冷戦終結後の1990年代、イラク難民に対する安全な避難地域の設定やコソボ介入は「人道的介入」を大義名分にして安保理決議抜きで軍事介入が行われたが、多くの国がこうした考えを否定している。

コソボ介入には欧州の総意があったが、今回、アラブ連盟はシリアの化学兵器使用を非難しているものの、軍事介入を支持しているわけではない。安保理決議を回避して軍事介入を行うケースが定着すれば、長期的にみて国際的な合法性、集団安全保障の枠組みを損なう恐れがある。

(5)欧米の軍事介入が引き起こす波紋

デンプシー議長は「一度、軍事行動を起こせば、次に起きることに備えるべきだ。さらなる深みに引きずり込まれることを避けるのは難しくなる」と指摘している。

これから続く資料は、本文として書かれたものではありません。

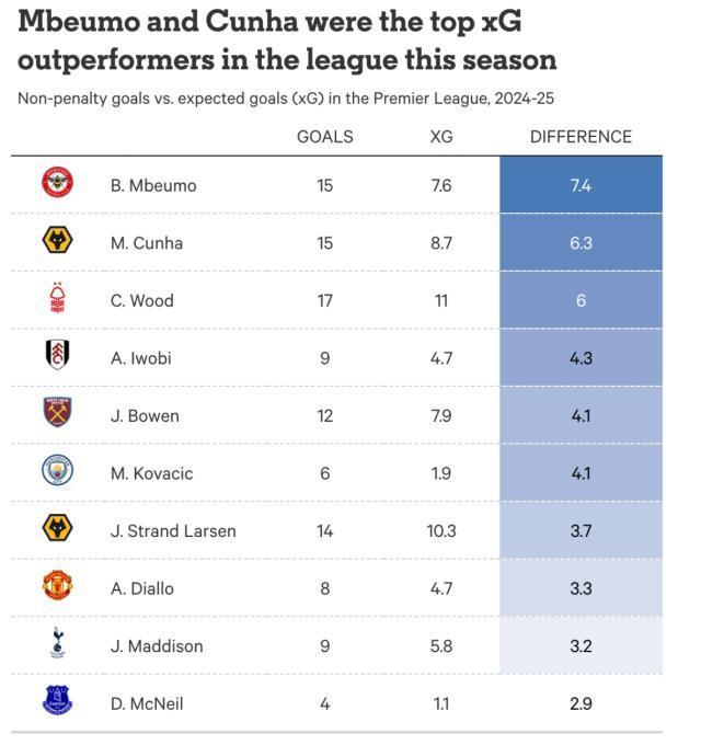 买了英超“射术最强”两东谈主? 从英超里面签入熏陶球员,是曼联今夏的引援基调。而当今贬责的这两笔重磅签约,一大共同点是,两东谈主刚好是上赛季英超怒放战进球越过预期进球最多的球员。姆伯莫怒放战xG只须7.6,试验进球15个,库尼亚则是8.7的xG带来15球。
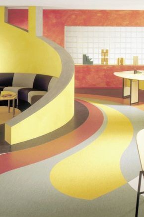 - L'industriel est utilisé dans les locaux d'usines, les entrepôts, les couloirs des institutions médicales ou gouvernementales. Étant donné que le matériau est peint sur toute son épaisseur et possède également un certain nombre de propriétés protectrices, il est capable de supporter les charges requises et de conserver son aspect pendant de nombreuses années d'utilisation.
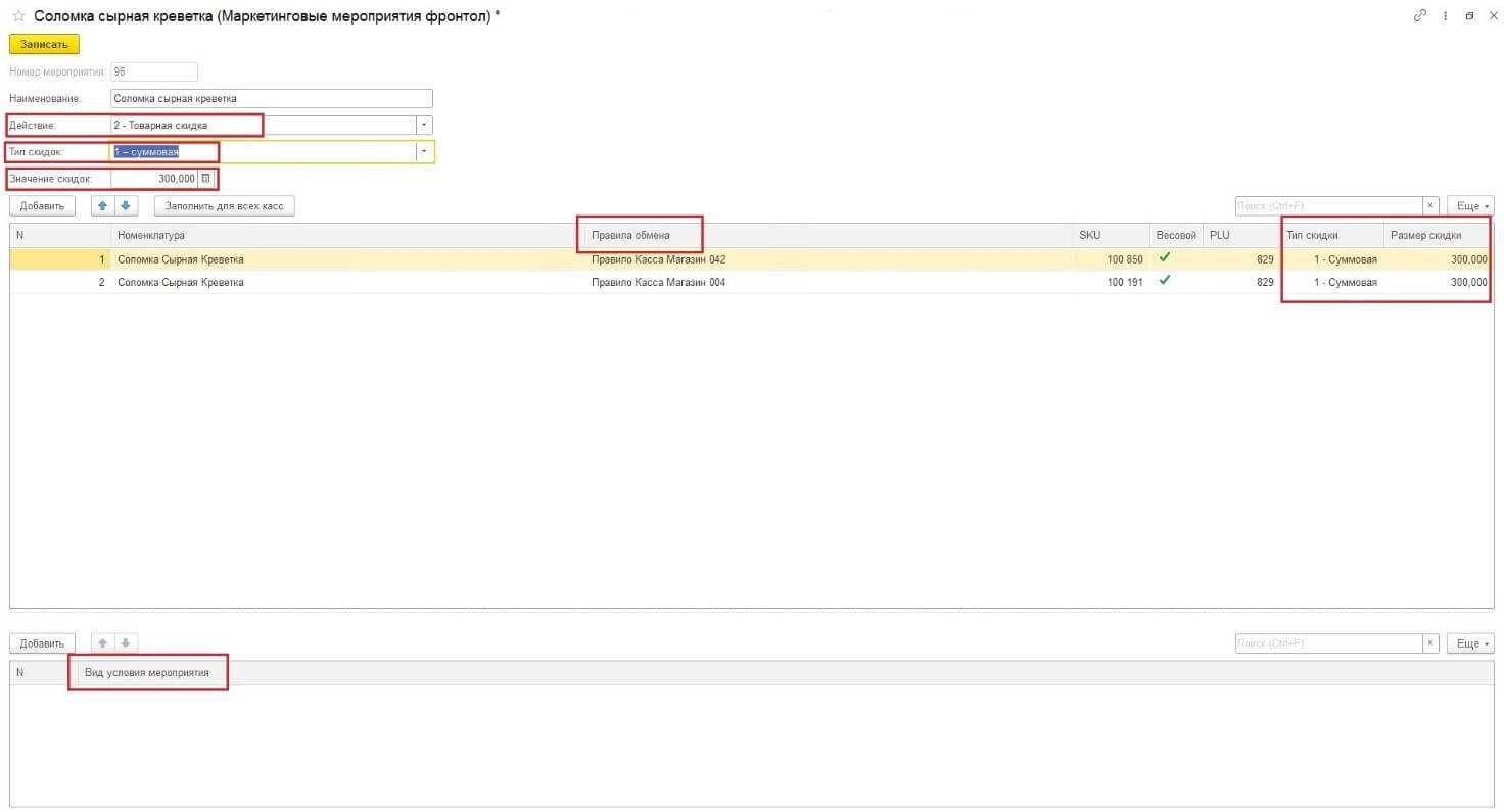 1. Действие: в данной ситуации есть возможность выбора товарной скидки или же скидки на набор товаров.

シリア反政府勢力の長期的な狙いは欧米諸国を内戦に巻き込むことだ。反政府勢力はアサド政権の新たな残虐行為を言い募り、それに対抗する形でアサド政権を支持するアクターが関与を深めていく可能性もある。

懲罰的攻撃を一時的な手段にとどめるのは難しいばかりでなく、もし介入の狙いが化学兵器の使用を抑止することならば作戦は失敗に終わる可能性が高い。

(6)シリア内戦の方向性への影響

欧米諸国は、攻撃目標は限定されていると主張しているが、アサド政権の軍事施設が攻撃されるのは疑いようがない。米英仏による軍事介入は内戦の行方やアサド政権と反政府勢力の軍事バランスに大きな影響を与える。

アサド政権はまだすべての兵器を使用しているわけではなく、米英仏の攻撃がもたらす変化はシリア国民が置かれている状況を悪化させ、地域を不安定化させる。欧米諸国の安全保障にも新たな脅威をもたらす可能性が高い。

(7)地域への影響

米英仏による攻撃は地域に与える影響の考察を欠いている。シリアで宗派対立が激化し、過激化が進めば、前例のない混沌と無政府状態の地域を生み出す。レバノンとイラクを崖っぷちへと押しやり、反欧米のジハードに新たな勢いを与える脅威を増幅する。

(8)外交上の代替策

今回の攻撃が新たな外交努力のきっかけになるという推測もあるが、攻撃の前に努力するのが正しい外交のアプローチだ。すでに米国とロシアの間で予定されていたシリアをめぐる協議は延期され、ブラヒミ国連・アラブ連盟特使の存在は主流から外されている。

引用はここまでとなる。